_PROVIDED MATERIAL_
━━━━━━
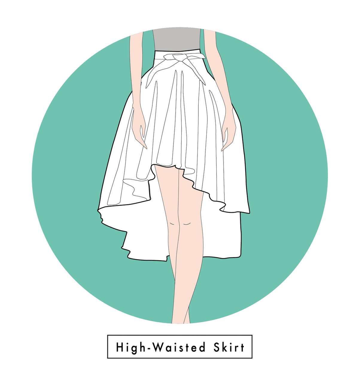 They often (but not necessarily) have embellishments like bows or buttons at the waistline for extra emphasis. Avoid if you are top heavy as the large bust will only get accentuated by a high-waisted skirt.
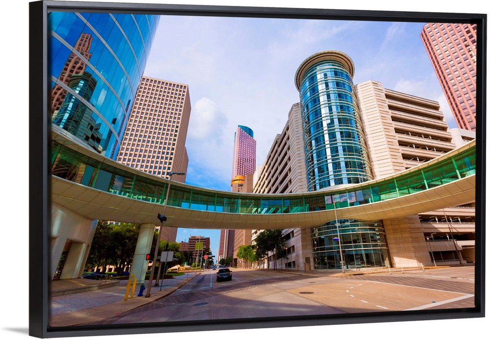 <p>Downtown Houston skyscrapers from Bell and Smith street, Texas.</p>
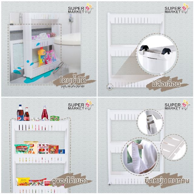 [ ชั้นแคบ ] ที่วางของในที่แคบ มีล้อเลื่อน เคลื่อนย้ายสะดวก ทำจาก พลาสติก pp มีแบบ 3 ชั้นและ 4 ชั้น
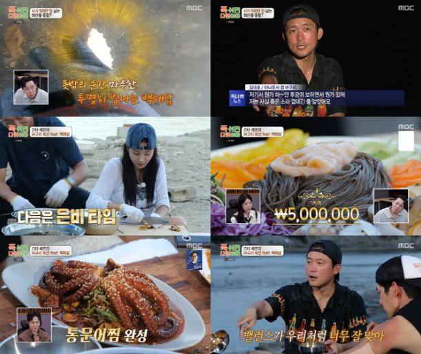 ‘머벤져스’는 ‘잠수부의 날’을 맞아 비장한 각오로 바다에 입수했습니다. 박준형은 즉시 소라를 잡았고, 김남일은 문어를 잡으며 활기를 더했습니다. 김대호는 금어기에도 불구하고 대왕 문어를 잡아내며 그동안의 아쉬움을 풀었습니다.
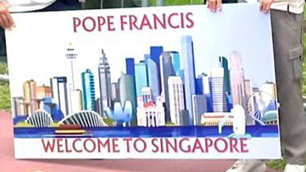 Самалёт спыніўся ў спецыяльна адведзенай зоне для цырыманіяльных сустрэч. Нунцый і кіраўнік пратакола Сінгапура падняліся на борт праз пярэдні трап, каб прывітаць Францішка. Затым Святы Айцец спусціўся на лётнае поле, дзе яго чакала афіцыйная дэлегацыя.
━━━━━━
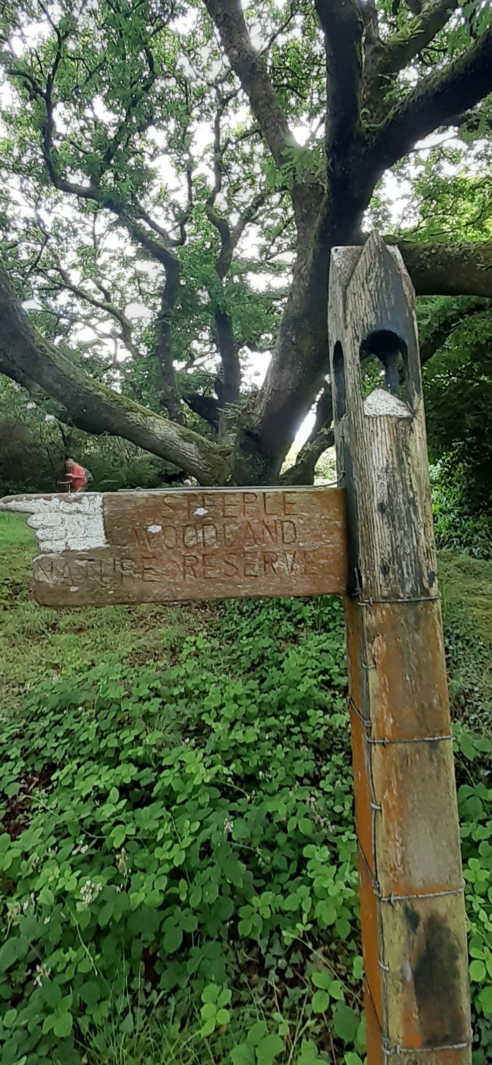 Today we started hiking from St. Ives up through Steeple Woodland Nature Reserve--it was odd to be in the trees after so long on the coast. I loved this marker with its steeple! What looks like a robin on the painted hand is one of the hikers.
━━━━━━
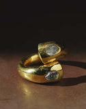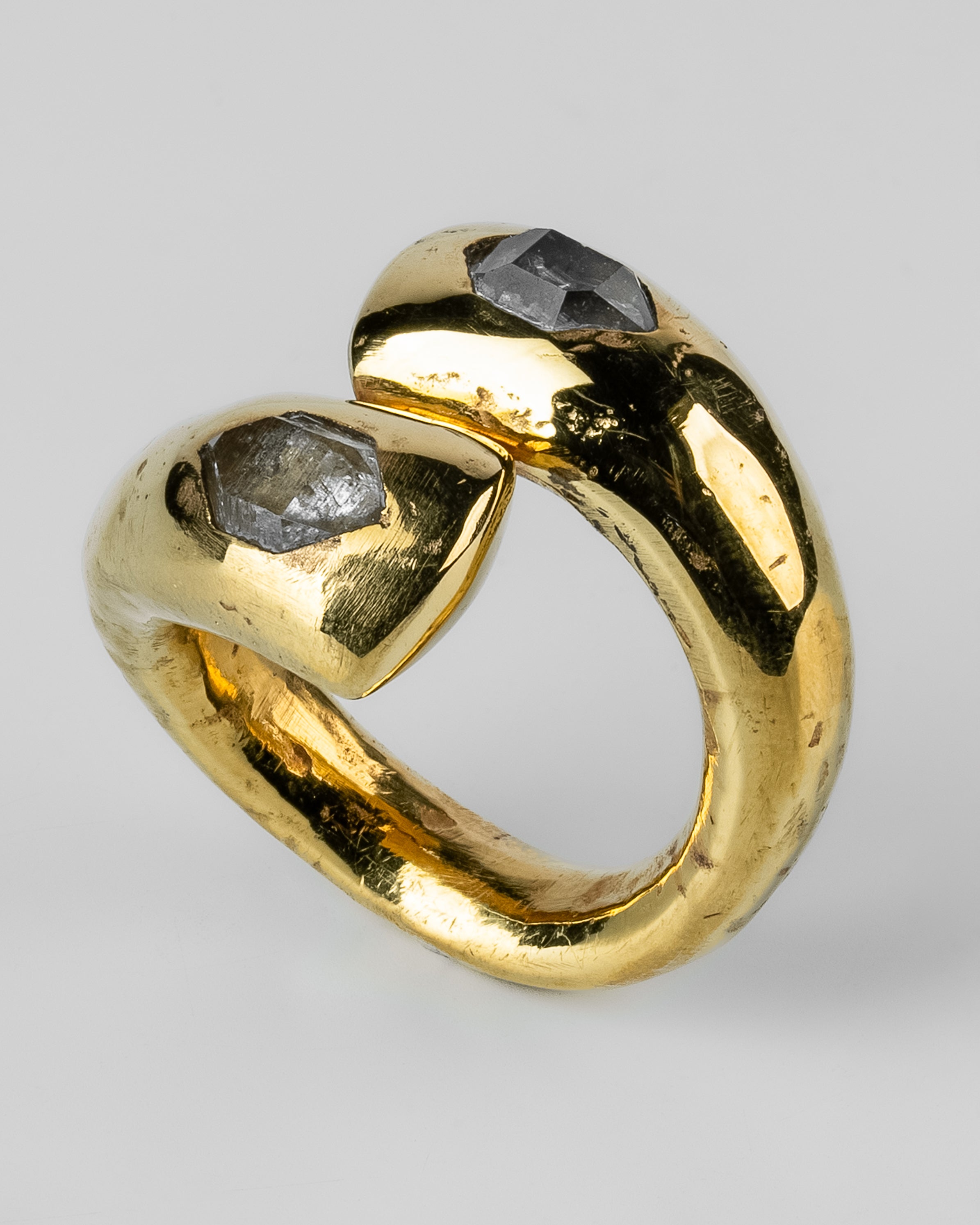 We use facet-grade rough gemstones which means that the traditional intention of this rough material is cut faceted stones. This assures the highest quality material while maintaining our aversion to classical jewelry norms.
━━━━━━
_AIM OF THE TASK_
When copying from the data above, print only the lines from the line containing "<p>Downtown Houston skyscrapers" to the line containing "Самалёт спыніўся ў", exactly, and leave the pictures out.

_EXPECTED ANSWER_
 <p>Downtown Houston skyscrapers from Bell and Smith street, Texas.</p>
 [ ชั้นแคบ ] ที่วางของในที่แคบ มีล้อเลื่อน เคลื่อนย้ายสะดวก ทำจาก พลาสติก pp มีแบบ 3 ชั้นและ 4 ชั้น
 ‘머벤져스’는 ‘잠수부의 날’을 맞아 비장한 각오로 바다에 입수했습니다. 박준형은 즉시 소라를 잡았고, 김남일은 문어를 잡으며 활기를 더했습니다. 김대호는 금어기에도 불구하고 대왕 문어를 잡아내며 그동안의 아쉬움을 풀었습니다.
 Самалёт спыніўся ў спецыяльна адведзенай зоне для цырыманіяльных сустрэч. Нунцый і кіраўнік пратакола Сінгапура падняліся на борт праз пярэдні трап, каб прывітаць Францішка. Затым Святы Айцец спусціўся на лётнае поле, дзе яго чакала афіцыйная дэлегацыя.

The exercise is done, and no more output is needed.